Why are the reactive versions of Quarkus and Helidon so slow to start?
mraible opened this issue · 13 comments
Quarkus Reactive takes 7x longer to start: 353ms vs 49.4.
Helidon SE takes 5x longer: 303.6ms vs 59.4.
Startup time
Imperative
M: (36 + 48 + 36 + 47 + 42) / 5 = 41.8
Q: (55 + 46 + 44 + 54 + 48) / 5 = 49.4
S: (67 + 70 + 65 + 66 + 54) / 5 = 64.4
H: (64 + 55 + 61 + 58 + 59) / 5 = 59.4
Reactive
M: (52 + 45 + 47 + 46 + 47) / 5 = 47.4
Q: (359 + 291 + 276 + 534 + 305) / 5 = 353
S: (55 + 72 + 62 + 52 + 52) / 5 = 58.6
H: (239 + 239 + 509 + 263 + 268) / 5 = 303.6
Imperative with Virtual Threads
Q: (44 + 38 + 46 + 43 + 45) / 5 = 43.2
S: (71 + 64 + 68 + 71 + 66) / 5 = 68
Steps to reproduce
Install GraalVM 21:
sdk install java 21.0.2-graalce
For imperative:
git clone https://github.com/oktadev/auth0-java-rest-api-examples
cd auth0-java-rest-api-examples
./build.sh
./start.sh
The last script takes an argument of micronaut
, quarkus
, spring-boot
, or helidon
.
For reactive:
git clone https://github.com/oktadev/auth0-java-reactive-examples
cd auth0-java-reactive-examples
./build.sh
./start.sh
For virtual threads:
cd auth0-java-rest-api-examples
git checkout virtual-threads
./build.sh
./start.sh
I only calculated the startup times for Quarkus and Spring Boot because they're the only apps modified in the virtual-threads
branch.
Memory usage (in MB):
Imperative
Framework | 0 requests | 1 request | 10K requests |
---|---|---|---|
Micronaut | 53 | 63 | 102 |
Quarkus | 37 | 47 | 51 |
Spring Boot | 76 | 86 | 105 |
Helidon | 82 | 92 | 69 |
Imperative with Virtual Threads
Framework | 0 requests | 1 request | 10K requests |
---|---|---|---|
Quarkus | 37 | 48 | 51 |
Spring Boot | 76 | 87 | 102 |
Reactive
Framework | 0 requests | 1 request | 10K requests |
---|---|---|---|
Micronaut | 53 | 62 | 102 |
Quarkus | 49 | 50 | 53 |
Spring Boot | 75 | 107 | 174 |
Helidon | 44 | 45 | 68 |
The slow startup seems to be caused by the frameworks fetching the issuer or JWKS URI on startup. If I turn off my internet and run ./start.sh quarkus
, it results in an error:
2024-01-31 14:13:43,816 WARN [io.qua.oid.com.run.OidcCommonUtils] (vert.x-eventloop-thread-1)
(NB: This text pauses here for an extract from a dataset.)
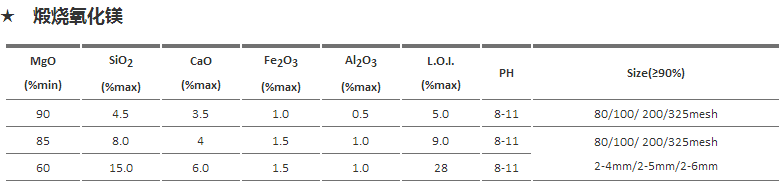 ● 工業級產品 氧化鎂類產品廣泛應用于化工、造紙、冶金、環保等多種行業。我集團生產的氧化鎂類產品具有質量穩定、活性好、純度高、種類齊全的優點。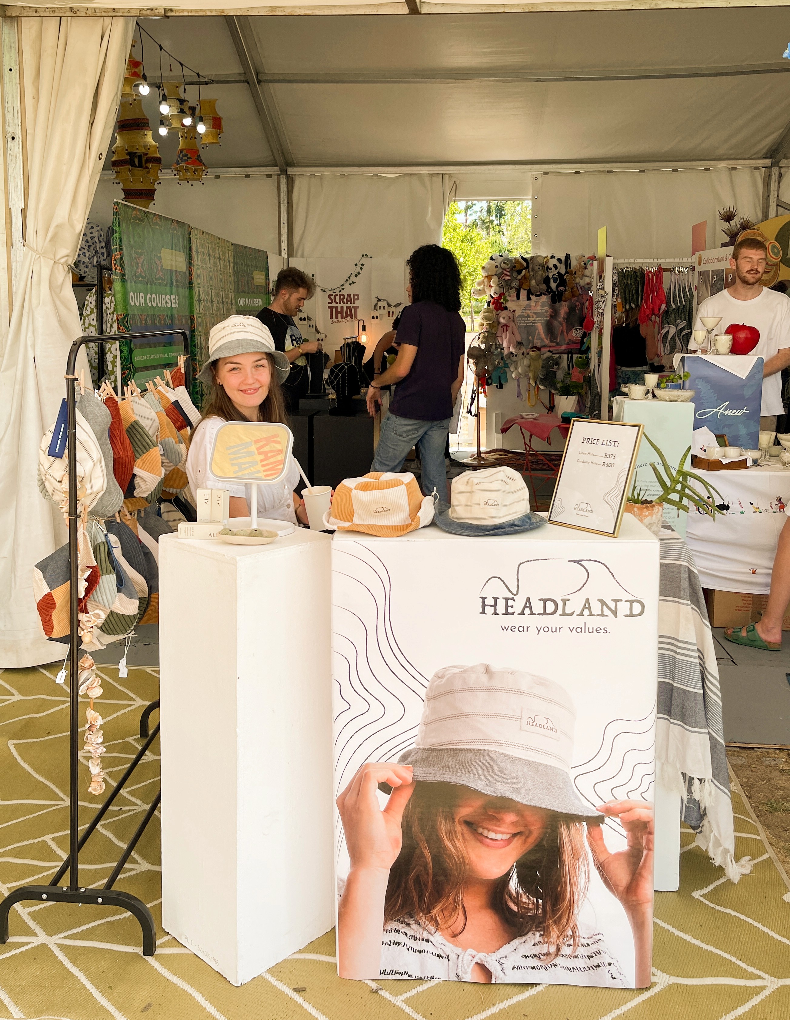 For my third and final year of university, I participated in a group project called Headland. We were tasked with launching a business and developing a product to be sold at the Kamers Market. Our group aimed to create a sustainable, high quality brand, which led to the creation of Headland bucket hats.

OIDC Server is not available:: java.net.UnknownHostException: dev-06bzs1cu.us.auth0.com:
nodename nor servname provided, or not known
Same with Helidon:
Exception in thread "main" io.helidon.common.configurable.ResourceException:
Failed to open stream to uri: https://dev-06bzs1cu.us.auth0.com/.well-known/jwks.json
Since these frameworks are supposed to be as fast as possible for serverless environments, I think they do this processing on the first request rather than on startup.
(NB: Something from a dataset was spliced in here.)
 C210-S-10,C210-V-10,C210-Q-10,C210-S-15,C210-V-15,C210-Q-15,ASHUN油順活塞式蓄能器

For some background, when I first started this comparison a couple of years ago, Spring Security and Helidon did the same thing (processing on startup instead of first request). They both switched to processing on the first request.
- Spring Security issue: spring-projects/spring-security#9991
- Helidon PR: helidon-io/helidon#3742
Not sure it makes any difference, but you could re-write the quarkus HelloResource
class as
@Path("/hello")
public class HelloResource {
@Inject
SecurityIdentity securityIdentity;
@GET
@Path("/")
@Authenticated
@Produces(MediaType.TEXT_PLAIN)
@NonBlocking
public String hello() {
return "Hello, " + securityIdentity.getPrincipal().getName() + "!";
}
}
You don't need to explicitly return a Uni
. Adding @NonBlocking
will tell Quarkus to run the method on the event loop as a non-blocking method.
Thanks for the code review, @edeandrea! I added your suggested change in ee7b4ce.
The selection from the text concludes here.